Roasted beef with pickled beef combines harmoniously with the light sourness of pickled beef, the soft sweetness of beef and the roasted rice grains, fragrant with onions and garlic. This dish does not require many elaborate ingredients, and the processing method is quick to change the taste for a weekend meal.
To make grilled beef with pickled beef, prepare 2 bowls of cold rice, 200 - 250gr tender beef shank or beef shank, 200gr pickled mustard greens, 2 chicken eggs, shallots or garlic, scallions, fish sauce (or soy sauce), seasoning powder, minced pepper and cooking oil.
After washing the beef, slice thinly along the fiber and marinate with about 1/2 teaspoon of seasoning, a little minced pepper and minced garlic. You can add 1 teaspoon of cooking oil or sesame oil to soften the meat when stir-frying. Wash pickled mustard greens briefly with water to reduce saltiness, squeeze and cut into bite-sized pieces.

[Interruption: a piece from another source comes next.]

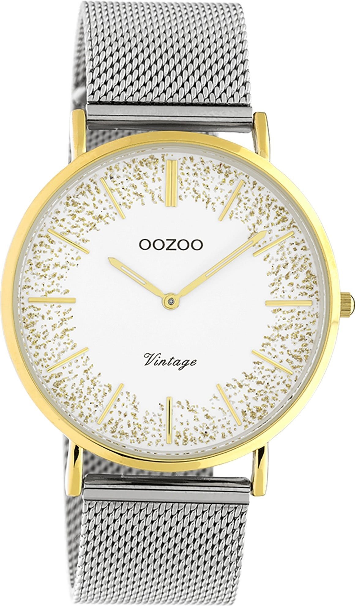 Die elegante Uhr der Marke Oozoo hat ein schönes Armband aus Edelstahl, in silber, mit Klappverschluss. Diese Uhr aus der Oozoo Vintage Kollektion für Damen besitzt ein goldfarbenes Gehäuse mit Quarzwerk. Die Analoguhr mit Mineralglas hat ein Ziffernblatt in weiß, mit zusätzlicher goldener Punktverzierung. Die Form der Uhr ist rund und das Gehäuse ist ca. 40mm groß.

When processing, heat a pan with a little cooking oil, saute shallots or garlic until fragrant, then add beef and stir-fry quickly over high heat. Beef only needs to be stir-fried for about 1-2 minutes until just cooked, then put on a separate plate, avoiding the meat from getting tough.
Next, put pickled mustard greens in a pan and stir-fry briefly for about 2-3 minutes to reduce the pickling and enhance the aroma. You can add a little sugar to balance the sourness. Then add a little cooking oil, scoop the chicken eggs into the pan, stir well until the eggs are soft, then add cooled rice and roast together. Use a spoon to spread gently to separate the rice grains, season with fish sauce or soy sauce to taste.
When the rice is hot and tender, add pickled mustard greens and beef and stir quickly, sprinkle scallions and ground pepper before turning off the stove. Housewives also note that they should not roast rice for too long to maintain the tenderness of the beef and avoid making the rice grains dry.